Mobile computing has heated up quickly. Websites that are not currently optimized for mobile use are losing. Businesses that are launching their own mobile apps and services are winning. And, consumers are not just swapping PC’s for iPhones—they continue to use mobile devices for tasks they never asked their PC’s to do, paving the way for new marketing opportunities. These include the digital wallet (with new mobile loyalty programs), location-based point-of-decision communications (such as just-in-time delivery of incentives and coupons) and QR codes—a technology that has matured and raised expectations of creativity.
Content rules; visual content rules even more. The pressures to develop content better and faster have never been greater. And there’s a twist: visual content is killing text-based content. The hottest social media networks are those that focus on images and video, not just words; infographics are killing pure data. On websites, the need for creative, relevant content continues to grow with each Google Search Engine algorithm update.
 
Simpler is better. Overwhelmed by sensory input, consumers are opting for brands with easily-understood, simple messages. Trust, referral of friends and eagerness to engage a brand all increase dramatically as complexity declines.

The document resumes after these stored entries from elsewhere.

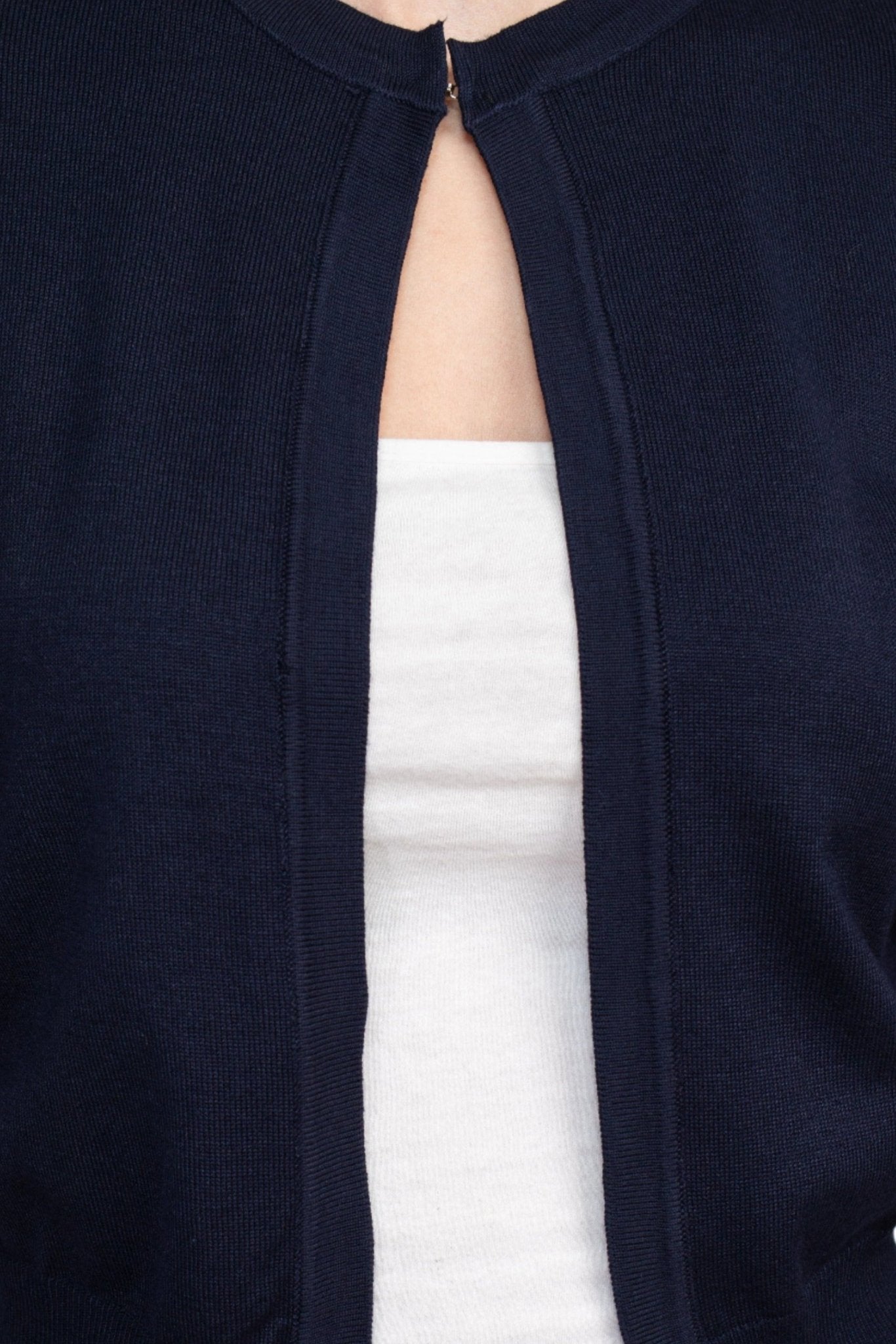 Crafted from a soft and stretchy knit blend (70% Rayon, 30% Polyester) with a delicate lace back (89% Nylon, 11% Spandex), this bolero combines comfort and elegance. The crew neckline and open front design offer a modern, refined silhouette, while the hook-and-eye closure provides a sleek, tailored fit when fastened. The intricate lace back detail adds a touch of femininity and sophistication, making this piece a perfect balance of classic and contemporary style.
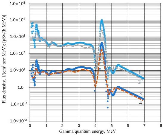 Differential energy spectrum of gamma radiation and dose rate spectrum of gamma radiation from a Pu-Be source behind a protective polyimide composite with an amorphous boron content of 3% wt.: 1—energy spectrum of a Pu-Be source; 2—energy spectrum of a Pu-Be source behind a polyimide composite with boron 10 cm thick; 3—energy spectrum of the Pu-Be source dose rate; 4—energy spectrum of the dose rate of a Pu-Be source behind a polyimide composite with boron 10 cm thick.
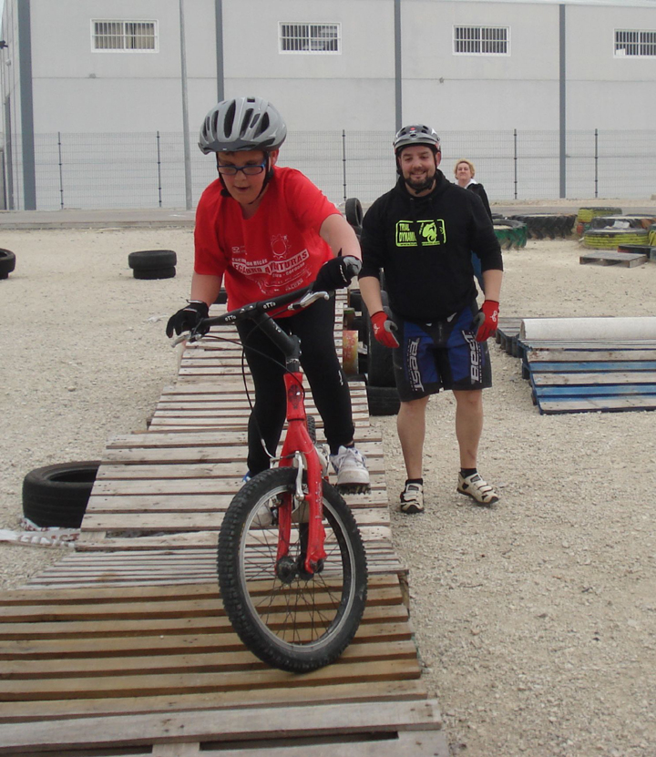 Nuestro ya amigo Rafa, es un piloto de Biketrial que ha participado en infinidad de carreras y campeonatos de esta espectacular disciplina del ciclismo, llegando a proclamarse Campeón de España en su categoría además de tener en su haber varios Campeonatos Zona Sur de Biketrial (Andalucía y Extremadura) y un Sub-Campeonato del Mundo. Rafa llevó su espectáculo en bicicleta incluso hasta el programa de Telecinco “Tu si que Vales” . Rafa estuvo espectacular con su bicicleta, subiendo de una forma facilísima todos los osbtáculos que tenemos en la zona trialera de la pista de ciclismo y dejando boquiabiertos a todos los niños. Luego estuvo a pie de zona con ellos, enseñandoles trucos, técnicas y maneras de pasar los distintos pasos dificiles que el mismo les iba planteando. Nuestro amigo también quiso probar nuestra pista de BMX en la que recordó sus inicios en esto de las bicis que precisamente fueron a lomos de una pequeña bici de bicicroos. Tras las muchas fotos que se hizo con todos, las muchas risas que se dio con los niños y las muchas satisfaciones que sabemos de seguro se llevó en su interior, nuestro amigo dió por concluida su visita pero antes los niños le quisieron regalar una camiseta de nuestra escuela que prometio ponerse además de un bonito aplauso de agradecimiento por su simpatía, al que se sumaron todos los padres y madres de los niños que no quisieron perderse la vista de Rafa.
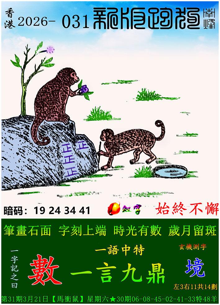 031期新版跑狗一字記之曰:【數】 玄機測字:《境》 一語中特:一言九鼎

Reputation Management is becoming a critical factor for businesses of every size. Even the tiniest, most obscure restaurant has numerous online reviews to support it or dump on it. Disgruntled customers’ formerly empty threats to discredit a business are now a serious issue with the strength of the online commentary phenomena. Managing those comments aggressively but diplomatically is today’s marketing first aid kit. In addition, Reputation Management is cross-branding its importance into all facets of online marketing, to include: website optimization, mapping and social networking.